Brief - None of the pictures should be copied, though every line of the listing must be printed exactly.

Data provided -
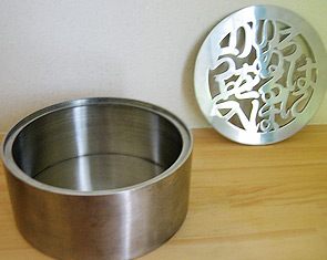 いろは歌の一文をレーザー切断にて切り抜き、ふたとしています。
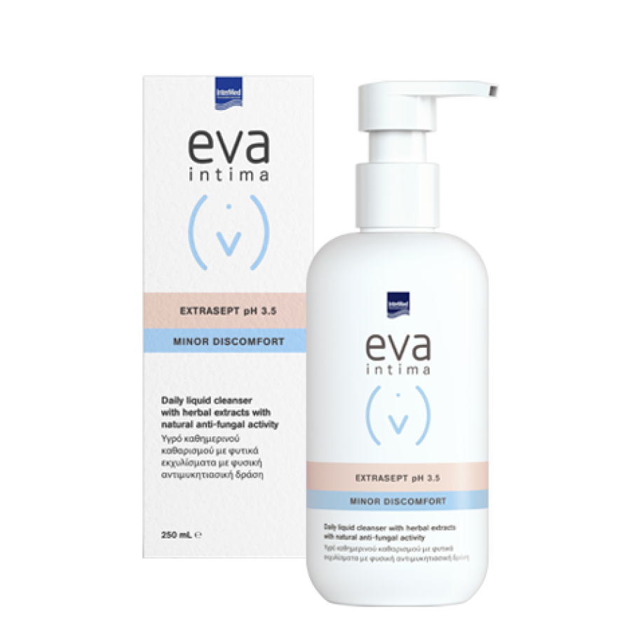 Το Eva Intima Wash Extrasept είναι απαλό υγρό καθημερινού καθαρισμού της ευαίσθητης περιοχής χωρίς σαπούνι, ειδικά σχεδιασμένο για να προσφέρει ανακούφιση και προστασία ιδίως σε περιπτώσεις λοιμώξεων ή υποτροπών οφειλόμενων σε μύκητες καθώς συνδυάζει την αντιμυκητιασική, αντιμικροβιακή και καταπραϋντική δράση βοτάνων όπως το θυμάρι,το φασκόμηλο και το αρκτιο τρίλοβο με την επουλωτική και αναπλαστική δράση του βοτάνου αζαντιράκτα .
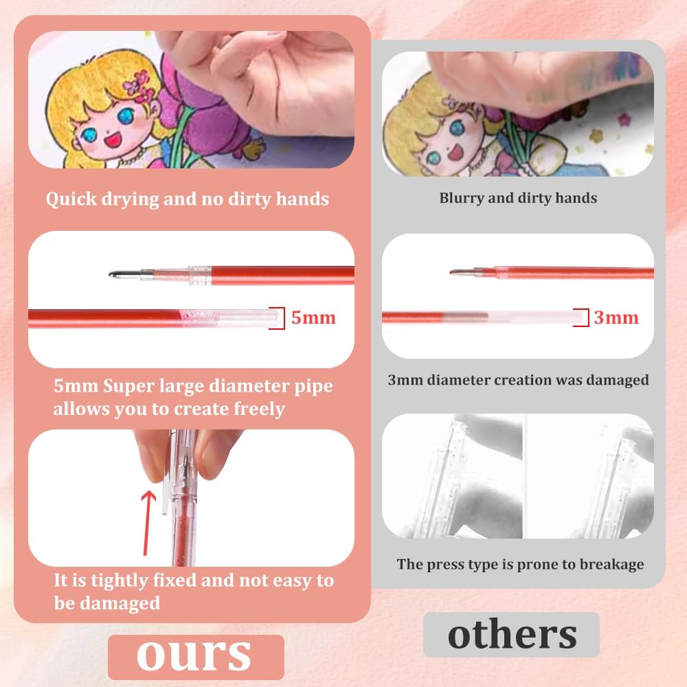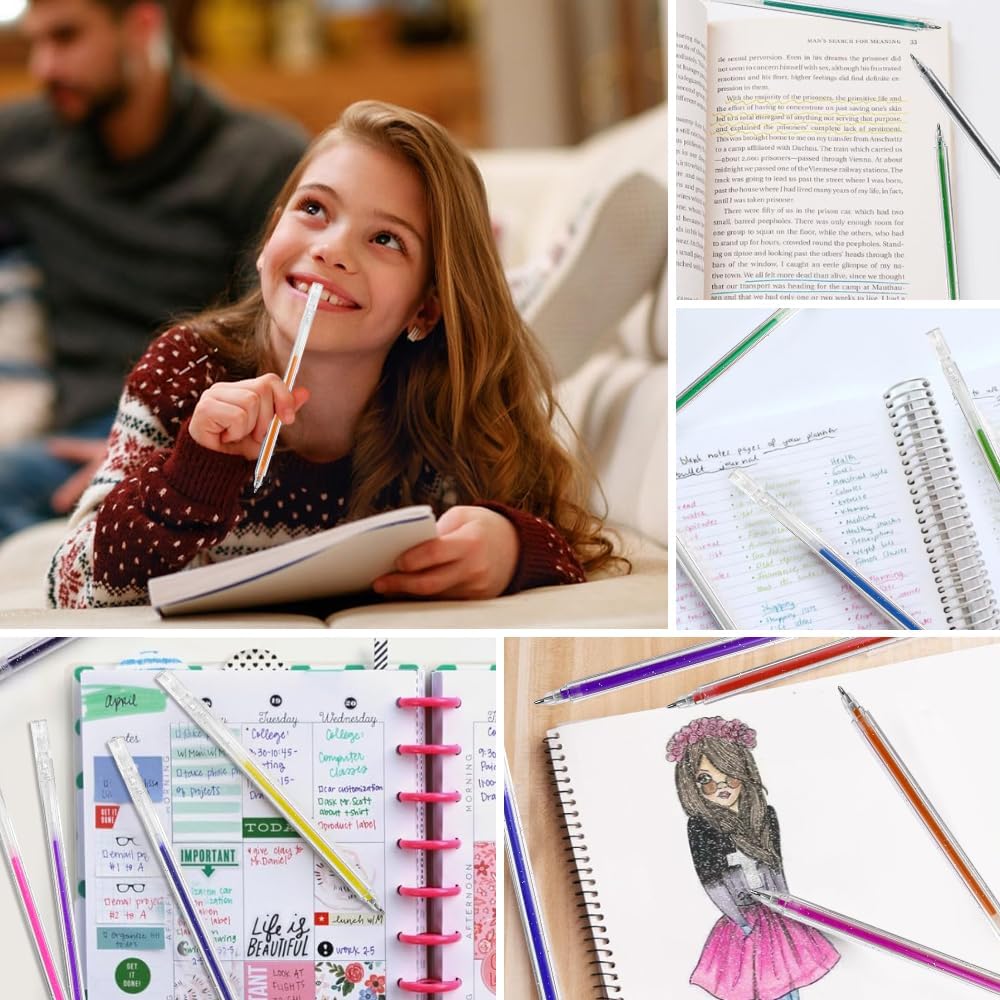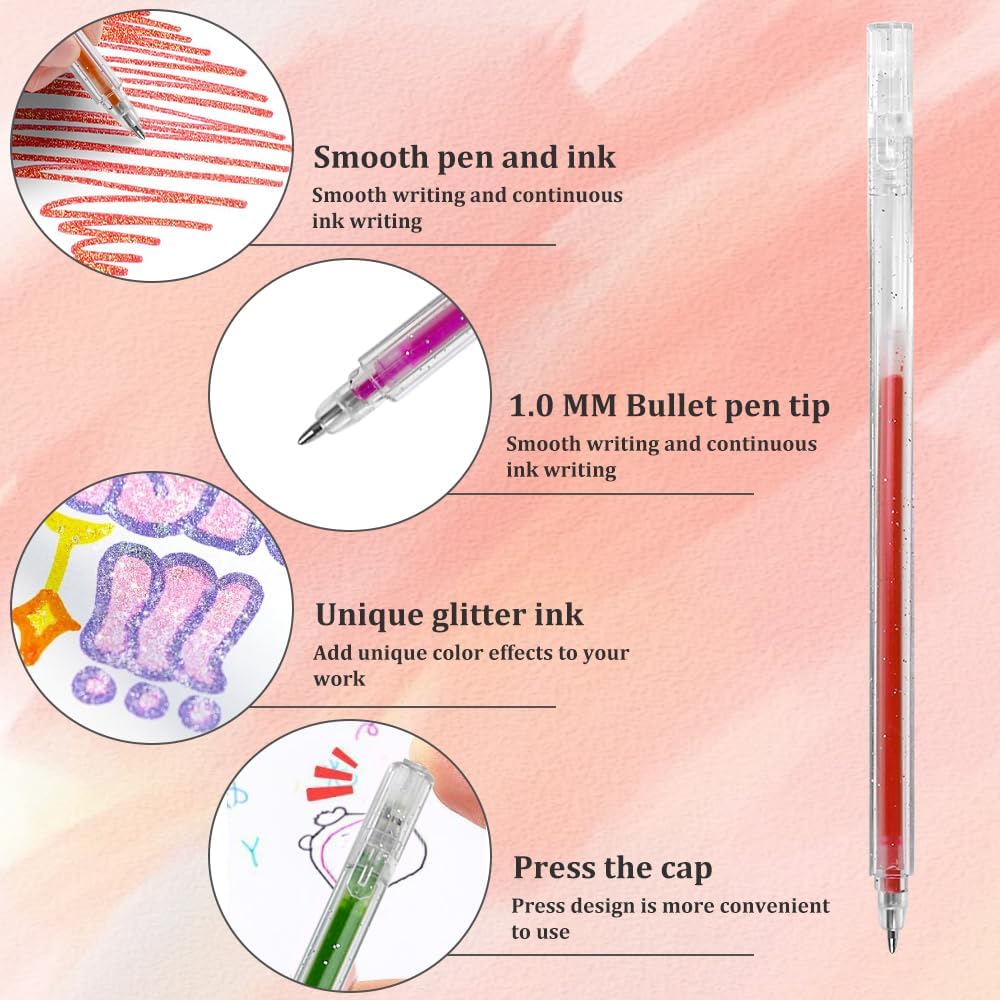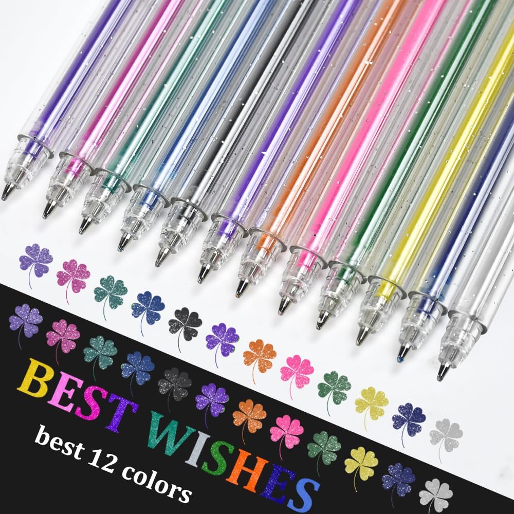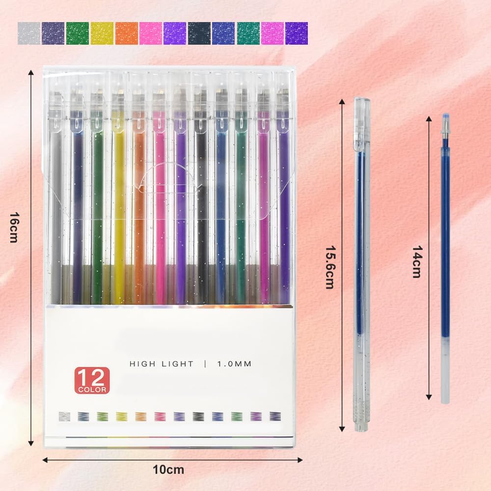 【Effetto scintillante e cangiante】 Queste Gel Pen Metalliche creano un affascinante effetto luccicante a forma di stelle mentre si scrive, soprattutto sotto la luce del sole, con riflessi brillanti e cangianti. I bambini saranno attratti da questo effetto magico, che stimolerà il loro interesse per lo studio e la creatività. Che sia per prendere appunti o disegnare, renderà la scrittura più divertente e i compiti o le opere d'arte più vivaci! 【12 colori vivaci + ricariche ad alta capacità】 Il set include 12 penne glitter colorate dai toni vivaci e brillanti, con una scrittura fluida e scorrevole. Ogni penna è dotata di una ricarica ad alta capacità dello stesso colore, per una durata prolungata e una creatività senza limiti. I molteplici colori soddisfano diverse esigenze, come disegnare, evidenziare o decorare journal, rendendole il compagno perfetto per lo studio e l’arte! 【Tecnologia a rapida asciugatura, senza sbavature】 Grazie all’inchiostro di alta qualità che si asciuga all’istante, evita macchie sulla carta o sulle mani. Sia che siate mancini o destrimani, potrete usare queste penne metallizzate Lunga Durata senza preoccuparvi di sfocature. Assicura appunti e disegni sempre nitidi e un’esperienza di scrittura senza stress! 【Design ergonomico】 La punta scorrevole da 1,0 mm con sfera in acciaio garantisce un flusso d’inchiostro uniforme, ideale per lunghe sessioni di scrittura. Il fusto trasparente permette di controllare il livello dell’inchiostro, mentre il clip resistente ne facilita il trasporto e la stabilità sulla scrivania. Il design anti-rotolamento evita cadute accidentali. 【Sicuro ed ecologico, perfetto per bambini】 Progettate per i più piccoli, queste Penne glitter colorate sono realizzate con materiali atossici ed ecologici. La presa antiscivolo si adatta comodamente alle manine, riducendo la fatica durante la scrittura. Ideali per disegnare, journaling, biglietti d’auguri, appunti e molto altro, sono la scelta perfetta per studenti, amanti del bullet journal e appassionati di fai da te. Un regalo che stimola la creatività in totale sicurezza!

Written response -
 いろは歌の一文をレーザー切断にて切り抜き、ふたとしています。
 Το Eva Intima Wash Extrasept είναι απαλό υγρό καθημερινού καθαρισμού της ευαίσθητης περιοχής χωρίς σαπούνι, ειδικά σχεδιασμένο για να προσφέρει ανακούφιση και προστασία ιδίως σε περιπτώσεις λοιμώξεων ή υποτροπών οφειλόμενων σε μύκητες καθώς συνδυάζει την αντιμυκητιασική, αντιμικροβιακή και καταπραϋντική δράση βοτάνων όπως το θυμάρι,το φασκόμηλο και το αρκτιο τρίλοβο με την επουλωτική και αναπλαστική δράση του βοτάνου αζαντιράκτα .
 【Effetto scintillante e cangiante】 Queste Gel Pen Metalliche creano un affascinante effetto luccicante a forma di stelle mentre si scrive, soprattutto sotto la luce del sole, con riflessi brillanti e cangianti. I bambini saranno attratti da questo effetto magico, che stimolerà il loro interesse per lo studio e la creatività. Che sia per prendere appunti o disegnare, renderà la scrittura più divertente e i compiti o le opere d'arte più vivaci! 【12 colori vivaci + ricariche ad alta capacità】 Il set include 12 penne glitter colorate dai toni vivaci e brillanti, con una scrittura fluida e scorrevole. Ogni penna è dotata di una ricarica ad alta capacità dello stesso colore, per una durata prolungata e una creatività senza limiti. I molteplici colori soddisfano diverse esigenze, come disegnare, evidenziare o decorare journal, rendendole il compagno perfetto per lo studio e l’arte! 【Tecnologia a rapida asciugatura, senza sbavature】 Grazie all’inchiostro di alta qualità che si asciuga all’istante, evita macchie sulla carta o sulle mani. Sia che siate mancini o destrimani, potrete usare queste penne metallizzate Lunga Durata senza preoccuparvi di sfocature. Assicura appunti e disegni sempre nitidi e un’esperienza di scrittura senza stress! 【Design ergonomico】 La punta scorrevole da 1,0 mm con sfera in acciaio garantisce un flusso d’inchiostro uniforme, ideale per lunghe sessioni di scrittura. Il fusto trasparente permette di controllare il livello dell’inchiostro, mentre il clip resistente ne facilita il trasporto e la stabilità sulla scrivania. Il design anti-rotolamento evita cadute accidentali. 【Sicuro ed ecologico, perfetto per bambini】 Progettate per i più piccoli, queste Penne glitter colorate sono realizzate con materiali atossici ed ecologici. La presa antiscivolo si adatta comodamente alle manine, riducendo la fatica durante la scrittura. Ideali per disegnare, journaling, biglietti d’auguri, appunti e molto altro, sono la scelta perfetta per studenti, amanti del bullet journal e appassionati di fai da te. Un regalo che stimola la creatività in totale sicurezza!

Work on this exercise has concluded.